┏━━
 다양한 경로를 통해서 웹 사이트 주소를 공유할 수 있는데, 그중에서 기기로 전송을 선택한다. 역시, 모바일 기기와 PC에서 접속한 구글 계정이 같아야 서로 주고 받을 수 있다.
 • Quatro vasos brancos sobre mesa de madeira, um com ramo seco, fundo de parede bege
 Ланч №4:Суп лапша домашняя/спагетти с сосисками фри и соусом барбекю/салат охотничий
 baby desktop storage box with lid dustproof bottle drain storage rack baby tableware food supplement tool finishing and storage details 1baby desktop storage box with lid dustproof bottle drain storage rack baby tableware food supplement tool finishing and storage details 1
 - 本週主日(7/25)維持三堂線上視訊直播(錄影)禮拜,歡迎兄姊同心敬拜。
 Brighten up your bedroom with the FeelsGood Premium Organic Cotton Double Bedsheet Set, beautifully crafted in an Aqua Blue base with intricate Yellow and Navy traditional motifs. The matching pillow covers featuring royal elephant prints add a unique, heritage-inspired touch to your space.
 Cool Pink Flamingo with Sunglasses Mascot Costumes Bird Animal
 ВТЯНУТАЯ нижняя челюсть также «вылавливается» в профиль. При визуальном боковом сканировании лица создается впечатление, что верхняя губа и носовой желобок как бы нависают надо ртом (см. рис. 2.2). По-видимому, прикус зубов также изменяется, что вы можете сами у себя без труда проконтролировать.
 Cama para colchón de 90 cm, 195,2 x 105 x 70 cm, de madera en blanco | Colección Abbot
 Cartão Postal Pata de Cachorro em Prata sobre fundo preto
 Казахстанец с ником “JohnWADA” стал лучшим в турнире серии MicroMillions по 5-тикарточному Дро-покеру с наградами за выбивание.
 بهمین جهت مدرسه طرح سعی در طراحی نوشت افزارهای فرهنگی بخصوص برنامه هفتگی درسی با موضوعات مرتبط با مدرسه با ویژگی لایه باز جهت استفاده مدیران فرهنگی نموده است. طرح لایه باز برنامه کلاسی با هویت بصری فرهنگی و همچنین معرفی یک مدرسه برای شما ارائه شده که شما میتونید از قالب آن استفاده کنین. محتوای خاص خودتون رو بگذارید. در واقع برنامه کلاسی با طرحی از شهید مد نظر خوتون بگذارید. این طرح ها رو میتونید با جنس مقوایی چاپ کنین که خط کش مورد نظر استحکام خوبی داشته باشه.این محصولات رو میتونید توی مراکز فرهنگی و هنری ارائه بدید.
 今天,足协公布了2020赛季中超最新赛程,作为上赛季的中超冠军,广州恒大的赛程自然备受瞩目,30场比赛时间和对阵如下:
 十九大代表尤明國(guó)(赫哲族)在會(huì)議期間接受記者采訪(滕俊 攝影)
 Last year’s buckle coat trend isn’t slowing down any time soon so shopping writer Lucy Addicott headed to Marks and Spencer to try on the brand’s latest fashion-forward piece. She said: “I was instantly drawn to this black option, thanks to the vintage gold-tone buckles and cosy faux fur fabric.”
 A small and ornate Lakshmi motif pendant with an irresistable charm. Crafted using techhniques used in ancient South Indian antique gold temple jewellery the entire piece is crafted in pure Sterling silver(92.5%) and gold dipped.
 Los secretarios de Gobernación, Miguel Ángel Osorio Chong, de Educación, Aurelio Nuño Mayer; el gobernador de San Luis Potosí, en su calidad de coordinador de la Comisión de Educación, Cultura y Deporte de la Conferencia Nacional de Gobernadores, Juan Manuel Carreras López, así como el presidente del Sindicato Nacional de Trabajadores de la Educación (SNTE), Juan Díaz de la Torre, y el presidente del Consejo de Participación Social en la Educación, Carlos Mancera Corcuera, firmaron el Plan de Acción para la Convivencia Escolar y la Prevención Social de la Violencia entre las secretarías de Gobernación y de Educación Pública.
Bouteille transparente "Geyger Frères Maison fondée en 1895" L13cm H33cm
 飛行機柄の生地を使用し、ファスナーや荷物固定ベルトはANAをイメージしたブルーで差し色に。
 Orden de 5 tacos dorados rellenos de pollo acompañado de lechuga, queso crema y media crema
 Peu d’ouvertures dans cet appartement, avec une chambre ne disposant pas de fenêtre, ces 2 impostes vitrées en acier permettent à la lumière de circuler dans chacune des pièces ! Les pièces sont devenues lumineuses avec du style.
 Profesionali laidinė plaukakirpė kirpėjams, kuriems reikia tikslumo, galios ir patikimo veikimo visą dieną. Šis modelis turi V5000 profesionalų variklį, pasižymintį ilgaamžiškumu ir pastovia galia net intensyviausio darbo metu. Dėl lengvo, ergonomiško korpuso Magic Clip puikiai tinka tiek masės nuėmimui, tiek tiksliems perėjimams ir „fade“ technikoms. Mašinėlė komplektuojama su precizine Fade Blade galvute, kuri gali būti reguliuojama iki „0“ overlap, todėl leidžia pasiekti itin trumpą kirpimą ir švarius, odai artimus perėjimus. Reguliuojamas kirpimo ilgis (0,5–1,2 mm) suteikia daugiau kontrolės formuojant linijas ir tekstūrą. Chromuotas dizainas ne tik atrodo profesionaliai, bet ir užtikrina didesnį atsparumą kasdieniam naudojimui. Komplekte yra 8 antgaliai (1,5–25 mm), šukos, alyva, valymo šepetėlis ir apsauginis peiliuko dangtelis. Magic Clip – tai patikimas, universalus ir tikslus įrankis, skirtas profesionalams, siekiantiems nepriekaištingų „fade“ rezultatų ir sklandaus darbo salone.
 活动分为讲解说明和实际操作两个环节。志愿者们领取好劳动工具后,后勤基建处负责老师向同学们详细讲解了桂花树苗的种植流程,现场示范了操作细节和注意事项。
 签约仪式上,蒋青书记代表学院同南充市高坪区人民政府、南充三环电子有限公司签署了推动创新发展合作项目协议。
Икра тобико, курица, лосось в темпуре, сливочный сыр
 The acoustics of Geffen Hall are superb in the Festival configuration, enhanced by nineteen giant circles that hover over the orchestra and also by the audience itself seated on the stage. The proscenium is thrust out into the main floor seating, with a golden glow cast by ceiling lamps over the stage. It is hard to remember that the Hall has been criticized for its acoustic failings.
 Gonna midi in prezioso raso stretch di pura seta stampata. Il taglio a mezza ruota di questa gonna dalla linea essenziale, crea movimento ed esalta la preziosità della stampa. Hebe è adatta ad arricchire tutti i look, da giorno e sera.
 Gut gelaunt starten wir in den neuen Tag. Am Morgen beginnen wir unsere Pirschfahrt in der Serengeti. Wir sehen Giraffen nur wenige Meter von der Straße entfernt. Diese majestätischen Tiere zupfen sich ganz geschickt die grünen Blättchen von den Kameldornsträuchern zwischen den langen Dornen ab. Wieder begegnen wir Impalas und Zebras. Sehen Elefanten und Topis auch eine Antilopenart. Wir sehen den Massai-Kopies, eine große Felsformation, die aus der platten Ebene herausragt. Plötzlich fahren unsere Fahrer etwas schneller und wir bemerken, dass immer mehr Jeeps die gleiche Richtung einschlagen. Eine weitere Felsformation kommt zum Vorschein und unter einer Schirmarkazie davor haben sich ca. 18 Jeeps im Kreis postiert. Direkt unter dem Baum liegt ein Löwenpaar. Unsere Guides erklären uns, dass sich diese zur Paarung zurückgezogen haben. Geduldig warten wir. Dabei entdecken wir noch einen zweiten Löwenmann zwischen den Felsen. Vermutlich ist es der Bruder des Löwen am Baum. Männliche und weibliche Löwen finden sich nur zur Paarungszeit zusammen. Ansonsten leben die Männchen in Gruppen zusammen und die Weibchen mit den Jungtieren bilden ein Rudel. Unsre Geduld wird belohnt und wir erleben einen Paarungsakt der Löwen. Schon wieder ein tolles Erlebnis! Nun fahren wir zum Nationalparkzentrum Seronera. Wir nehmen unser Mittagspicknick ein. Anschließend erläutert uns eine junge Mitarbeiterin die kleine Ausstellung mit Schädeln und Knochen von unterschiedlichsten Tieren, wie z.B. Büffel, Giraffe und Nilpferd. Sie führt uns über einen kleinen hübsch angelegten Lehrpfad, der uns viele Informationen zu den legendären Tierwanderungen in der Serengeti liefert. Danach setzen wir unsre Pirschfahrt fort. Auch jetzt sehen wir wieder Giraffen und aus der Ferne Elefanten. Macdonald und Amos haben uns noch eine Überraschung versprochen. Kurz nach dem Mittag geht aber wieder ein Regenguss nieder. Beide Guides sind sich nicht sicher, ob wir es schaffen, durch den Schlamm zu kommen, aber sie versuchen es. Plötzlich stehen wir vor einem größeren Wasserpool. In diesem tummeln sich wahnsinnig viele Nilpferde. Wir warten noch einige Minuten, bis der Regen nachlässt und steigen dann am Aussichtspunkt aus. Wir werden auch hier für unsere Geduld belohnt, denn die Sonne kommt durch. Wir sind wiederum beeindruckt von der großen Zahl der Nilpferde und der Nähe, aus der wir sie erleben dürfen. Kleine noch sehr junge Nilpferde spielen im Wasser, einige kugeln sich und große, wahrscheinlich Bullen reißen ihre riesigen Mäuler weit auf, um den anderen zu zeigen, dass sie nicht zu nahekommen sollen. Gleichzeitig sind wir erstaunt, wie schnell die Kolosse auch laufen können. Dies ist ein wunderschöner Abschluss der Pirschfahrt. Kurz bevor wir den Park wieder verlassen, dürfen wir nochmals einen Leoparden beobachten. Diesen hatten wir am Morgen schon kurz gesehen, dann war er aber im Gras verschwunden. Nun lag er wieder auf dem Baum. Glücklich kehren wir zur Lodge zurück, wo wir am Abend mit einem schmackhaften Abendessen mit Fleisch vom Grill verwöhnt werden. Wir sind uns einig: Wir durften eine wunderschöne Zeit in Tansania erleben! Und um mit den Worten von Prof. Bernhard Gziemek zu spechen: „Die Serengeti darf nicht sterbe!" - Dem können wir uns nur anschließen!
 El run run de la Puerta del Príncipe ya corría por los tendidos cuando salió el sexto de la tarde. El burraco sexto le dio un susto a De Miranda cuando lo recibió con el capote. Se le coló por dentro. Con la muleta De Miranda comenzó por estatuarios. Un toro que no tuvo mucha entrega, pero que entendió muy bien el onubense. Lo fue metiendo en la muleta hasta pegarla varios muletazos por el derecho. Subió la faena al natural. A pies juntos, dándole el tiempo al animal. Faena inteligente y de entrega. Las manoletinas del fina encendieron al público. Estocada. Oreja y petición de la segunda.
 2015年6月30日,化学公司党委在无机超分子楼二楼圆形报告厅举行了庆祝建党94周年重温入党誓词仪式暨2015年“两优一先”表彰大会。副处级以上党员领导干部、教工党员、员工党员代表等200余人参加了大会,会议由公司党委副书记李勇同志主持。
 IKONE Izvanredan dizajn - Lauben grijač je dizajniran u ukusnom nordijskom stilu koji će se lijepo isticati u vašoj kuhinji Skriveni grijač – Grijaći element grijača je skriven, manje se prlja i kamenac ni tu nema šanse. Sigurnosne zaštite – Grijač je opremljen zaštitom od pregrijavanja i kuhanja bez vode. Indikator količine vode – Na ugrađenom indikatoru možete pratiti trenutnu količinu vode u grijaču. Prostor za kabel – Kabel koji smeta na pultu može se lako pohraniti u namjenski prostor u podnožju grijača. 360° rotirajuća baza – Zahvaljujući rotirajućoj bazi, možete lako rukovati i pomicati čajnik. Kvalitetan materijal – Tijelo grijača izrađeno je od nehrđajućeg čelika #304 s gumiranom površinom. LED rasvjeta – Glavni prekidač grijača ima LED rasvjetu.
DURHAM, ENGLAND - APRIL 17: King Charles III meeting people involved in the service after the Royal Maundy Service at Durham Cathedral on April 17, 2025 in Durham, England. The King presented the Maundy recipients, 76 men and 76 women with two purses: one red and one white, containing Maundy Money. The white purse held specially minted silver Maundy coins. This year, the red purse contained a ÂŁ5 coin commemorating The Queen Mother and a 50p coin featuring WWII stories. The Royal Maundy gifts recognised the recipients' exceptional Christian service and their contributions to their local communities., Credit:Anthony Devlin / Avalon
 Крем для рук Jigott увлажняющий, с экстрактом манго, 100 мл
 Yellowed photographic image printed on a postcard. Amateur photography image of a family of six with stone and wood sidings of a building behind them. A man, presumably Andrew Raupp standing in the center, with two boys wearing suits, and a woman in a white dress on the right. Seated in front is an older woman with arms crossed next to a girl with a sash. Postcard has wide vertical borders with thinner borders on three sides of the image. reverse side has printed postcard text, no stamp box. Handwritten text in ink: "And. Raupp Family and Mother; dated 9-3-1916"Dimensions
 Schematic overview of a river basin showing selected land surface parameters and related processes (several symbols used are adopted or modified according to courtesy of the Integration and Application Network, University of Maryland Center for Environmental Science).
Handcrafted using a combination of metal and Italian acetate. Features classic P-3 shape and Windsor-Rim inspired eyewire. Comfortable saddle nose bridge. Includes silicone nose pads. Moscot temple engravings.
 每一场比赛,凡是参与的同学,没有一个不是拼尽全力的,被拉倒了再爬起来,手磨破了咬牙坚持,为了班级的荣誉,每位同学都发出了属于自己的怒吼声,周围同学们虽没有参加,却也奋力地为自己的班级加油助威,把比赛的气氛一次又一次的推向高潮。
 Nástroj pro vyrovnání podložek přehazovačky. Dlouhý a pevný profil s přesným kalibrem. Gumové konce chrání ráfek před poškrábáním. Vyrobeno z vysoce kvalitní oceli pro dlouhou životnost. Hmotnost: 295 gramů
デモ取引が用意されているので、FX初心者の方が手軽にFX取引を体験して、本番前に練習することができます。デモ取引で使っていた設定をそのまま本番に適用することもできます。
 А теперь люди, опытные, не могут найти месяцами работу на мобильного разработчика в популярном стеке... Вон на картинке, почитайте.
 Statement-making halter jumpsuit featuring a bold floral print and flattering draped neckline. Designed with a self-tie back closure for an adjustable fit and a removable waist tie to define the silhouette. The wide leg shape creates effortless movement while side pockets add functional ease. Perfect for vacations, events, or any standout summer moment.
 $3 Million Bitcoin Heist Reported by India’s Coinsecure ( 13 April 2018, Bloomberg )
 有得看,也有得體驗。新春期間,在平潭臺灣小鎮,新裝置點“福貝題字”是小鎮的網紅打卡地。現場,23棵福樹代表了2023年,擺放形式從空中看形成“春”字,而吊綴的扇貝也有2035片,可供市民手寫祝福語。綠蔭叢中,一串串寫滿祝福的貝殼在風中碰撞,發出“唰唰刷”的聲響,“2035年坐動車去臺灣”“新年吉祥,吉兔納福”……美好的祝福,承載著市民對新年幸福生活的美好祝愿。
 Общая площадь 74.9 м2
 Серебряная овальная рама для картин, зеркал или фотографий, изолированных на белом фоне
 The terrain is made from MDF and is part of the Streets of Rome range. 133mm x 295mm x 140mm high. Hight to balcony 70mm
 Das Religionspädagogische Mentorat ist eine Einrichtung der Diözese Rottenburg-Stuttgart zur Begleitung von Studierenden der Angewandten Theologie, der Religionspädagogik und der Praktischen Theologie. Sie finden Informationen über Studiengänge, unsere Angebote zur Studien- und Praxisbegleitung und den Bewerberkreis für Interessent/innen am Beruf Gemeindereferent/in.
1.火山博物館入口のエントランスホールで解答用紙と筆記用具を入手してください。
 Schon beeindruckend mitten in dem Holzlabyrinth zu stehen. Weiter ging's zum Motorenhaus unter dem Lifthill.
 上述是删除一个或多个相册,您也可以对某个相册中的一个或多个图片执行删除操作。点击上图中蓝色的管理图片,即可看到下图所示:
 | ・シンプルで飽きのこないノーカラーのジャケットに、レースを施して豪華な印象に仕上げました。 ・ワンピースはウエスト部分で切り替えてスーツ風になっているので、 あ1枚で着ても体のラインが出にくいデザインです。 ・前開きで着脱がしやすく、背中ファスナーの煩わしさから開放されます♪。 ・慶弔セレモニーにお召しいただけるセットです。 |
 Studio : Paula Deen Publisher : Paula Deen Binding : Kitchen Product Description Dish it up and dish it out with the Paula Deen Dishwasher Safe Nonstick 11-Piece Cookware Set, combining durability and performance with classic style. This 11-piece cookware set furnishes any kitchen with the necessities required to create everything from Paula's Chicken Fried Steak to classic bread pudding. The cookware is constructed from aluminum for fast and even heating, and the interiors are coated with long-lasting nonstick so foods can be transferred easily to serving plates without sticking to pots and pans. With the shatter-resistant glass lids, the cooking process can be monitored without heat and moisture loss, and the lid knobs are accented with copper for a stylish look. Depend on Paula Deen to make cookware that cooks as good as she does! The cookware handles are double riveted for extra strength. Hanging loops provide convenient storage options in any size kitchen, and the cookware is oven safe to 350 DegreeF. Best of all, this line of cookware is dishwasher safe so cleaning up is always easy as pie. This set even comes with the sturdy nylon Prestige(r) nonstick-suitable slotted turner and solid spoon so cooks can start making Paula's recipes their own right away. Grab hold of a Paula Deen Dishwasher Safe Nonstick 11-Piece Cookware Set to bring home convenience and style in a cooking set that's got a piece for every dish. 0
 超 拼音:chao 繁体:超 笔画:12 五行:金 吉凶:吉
┗━━
Task directions:
Show all lines above containing "temple".

Output below:
 A small and ornate Lakshmi motif pendant with an irresistable charm. Crafted using techhniques used in ancient South Indian antique gold temple jewellery the entire piece is crafted in pure Sterling silver(92.5%) and gold dipped.
Handcrafted using a combination of metal and Italian acetate. Features classic P-3 shape and Windsor-Rim inspired eyewire. Comfortable saddle nose bridge. Includes silicone nose pads. Moscot temple engravings.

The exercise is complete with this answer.